Editor’s Note: Sandra Kaplan is a recognized authority in gifted education, and co-directs USC’s The Discovery Project with colleagues from the USC Sol Price School of Public Policy and Viterbi School of Engineering.
Have you ever read the expressions on people’s faces to understand what they are thinking?
Have you scanned pictures on a menu to read the cuisine?
Have you determined the potential score of a game by reading players’ body language?
Applying reading skills in other situations facilitates higher-level comprehension, and it plays a central role in Reading Beyond Words.
Reading Beyond Words represents the set of reading skills, curriculum and instructional strategies that have been developed and provided to classes comprised of third- and fourth-grade gifted, English learners and special education students.
Addressing all learners
The underlying concept of Reading Beyond Words, which is supported by a U.S. Department of Education grant, is related to the advocacy efforts to promote the “spill-over effect:” demonstrating how differentiated curriculum traditionally developed and implemented for gifted students is appropriate and can impact all students.
While gifted education can be beneficial, it has also received criticism for exacerbating educational inequities.
One study found that low-income, Black and Brown students participate in gifted curriculum at lower rates than their White, Asian and wealthier peers.
However, the spill-over effect enables all students to experience curriculum that can introduce and facilitate opportunities for the development and expressions of potential, traits and abilities that help identify learners as advanced or gifted.
(USC also has a Jacob Javits Department of Education grant called Project Reach EACH that has been examining multiple ways to change the definition and methods of identification of students of diversity.)
Implementing advanced reading skills
The skills included in the Reading Beyond Words curriculum relate to understanding and applying rudimentary or basic skills such as central theme and summarizing.
Also emphasized are the skills of critical, creative thinking and problem solving (making connections, judging with criteria, prove with evidence).
These skills are introduced and applied to reading beyond words: landscapes, architecture, sounds, styles of communication, fashion, color and artifacts.
The following charts provide active involvement in applying reading skills to various contexts.
A variety of different patterns for reading are also introduced to students to present alternative structures to engage in the “art of reading.”

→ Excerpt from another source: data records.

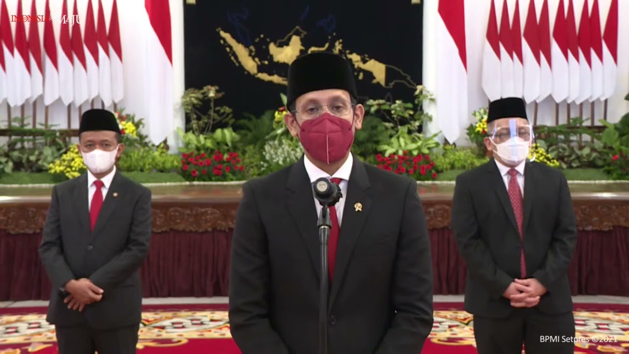 Keterangan pers bersama usai pelantikan Menteri Investasi/Kepala BKPM, Mendikbudristek, dan Kepala BRIN, di Istana Negara, Jakarta, Rabu (28/04/2021). Sumber :Setkab
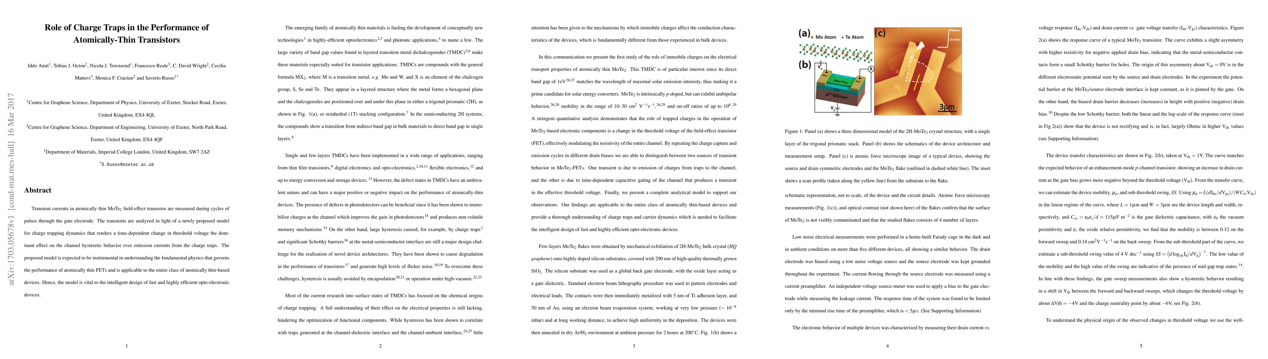 Transient currents in atomically thin MoTe$_2$ field-effect transistor are measured during cycles of pulses through the gate electrode. The transients are analyzed in light of a newly proposed model for charge trapping dynamics that renders a time-dependent change in threshold voltage the dominant effect on the channel hysteretic behavior over emission currents from the charge traps. The proposed model is expected to be instrumental in understanding the fundamental physics that governs the performance of atomically thin FETs and is applicable to the entire class of atomically thin-based devices. Hence, the model is vital to the intelligent design of fast and highly efficient opto-electronic devices.
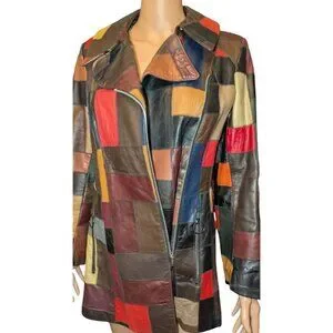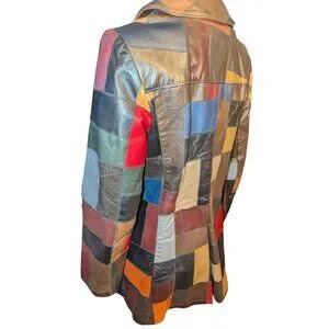 The La Vogue Patchwork Leather Jacket is a vintage women's piece in size 10, featuring a colorful geometric pattern in a 3/4 length. Made of leather with a mid-length design and long sleeves, this jacket is perfect for both parties and casual outings. It has a full zip closure, lined interior, zipped pockets, and a collared neckline, reflecting a hippie, colorful, and bohemian theme. This United States-made jacket is ideal for fall, adding a unique and stylish touch to any wardrobe. It is a classic piece from the 1970s!
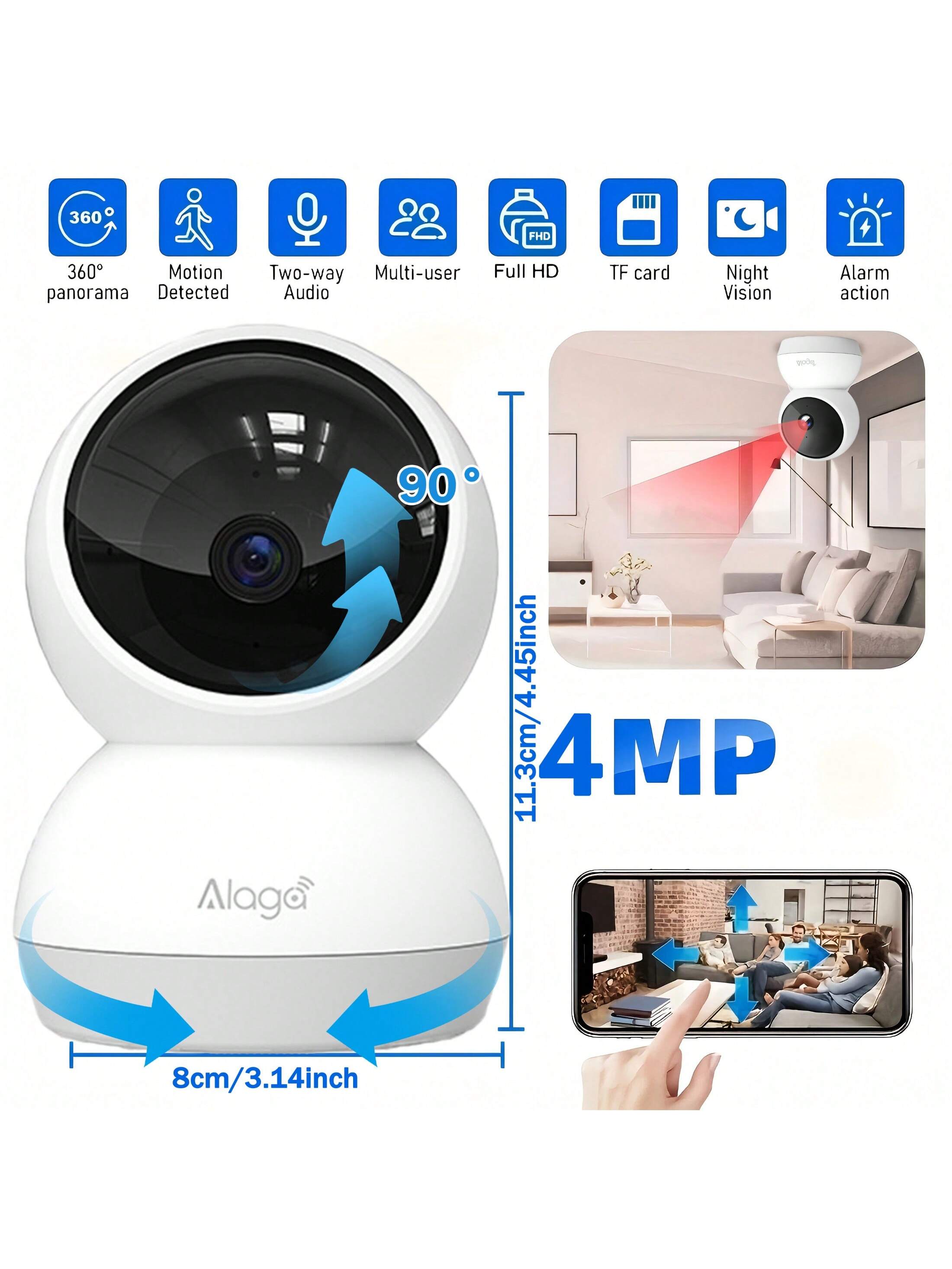 كاميرا أمان منزلية لاسلكية Alaga 2K بزاوية رؤية 360 درجة، تدعم اتصال الواي فاي 5 جيجا/2.4 جيجا، من م
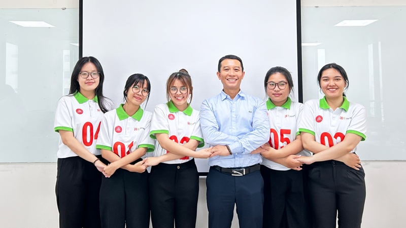 Học viên Hồ Trương Thanh Yến cùng các thầy cô UEF và ứng viên khác trong buổi phỏng vấn
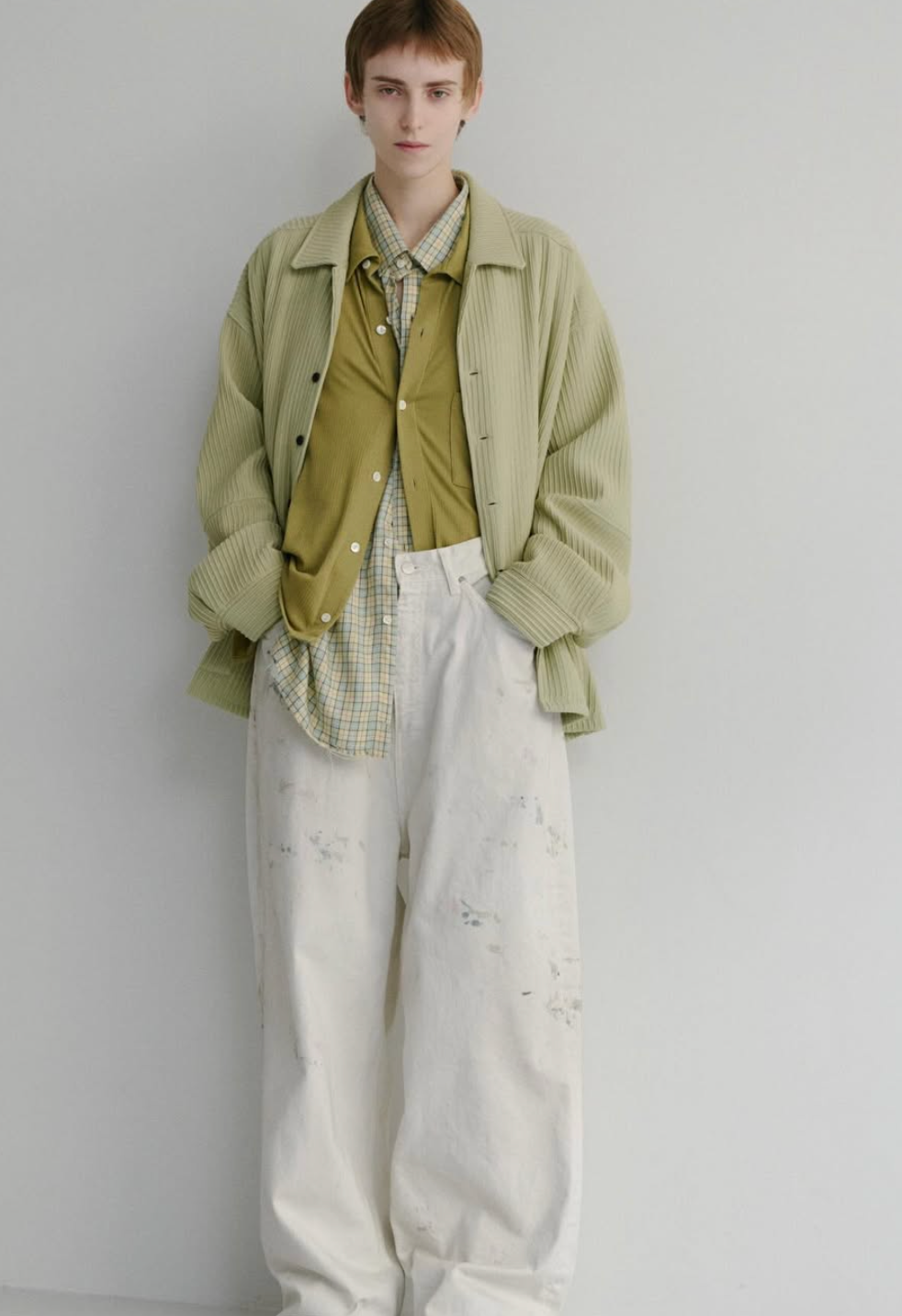 分量を広げたオーバーシルエットを生地の落ちの良さが

Reading side-by-side introduces students to the process of comparative analysis of a theme or interest by reading two selections within the same genre or across two different genres.
Reading around the genre enables students to read a range of different genre related to a self-selected interest or question.
Promoting intellectual equity
A primary purpose of providing advanced reading skills, initially designed for gifted students to all students within a heterogeneous classroom, is to promote “intellectual equity” among students.
The curriculum also reinforces learning-to-learn skills and emphasizes the importance of becoming a scholar as well as achieving success in the areas of reading. And like The Discovery Project, another summer gifted education program offered by USC, it provides opportunities for students at various ages to experience and extend curiosity.
Reading Beyond Words can provide educators and students with a new perception of “what is a reader” and reinforce the important art of reading.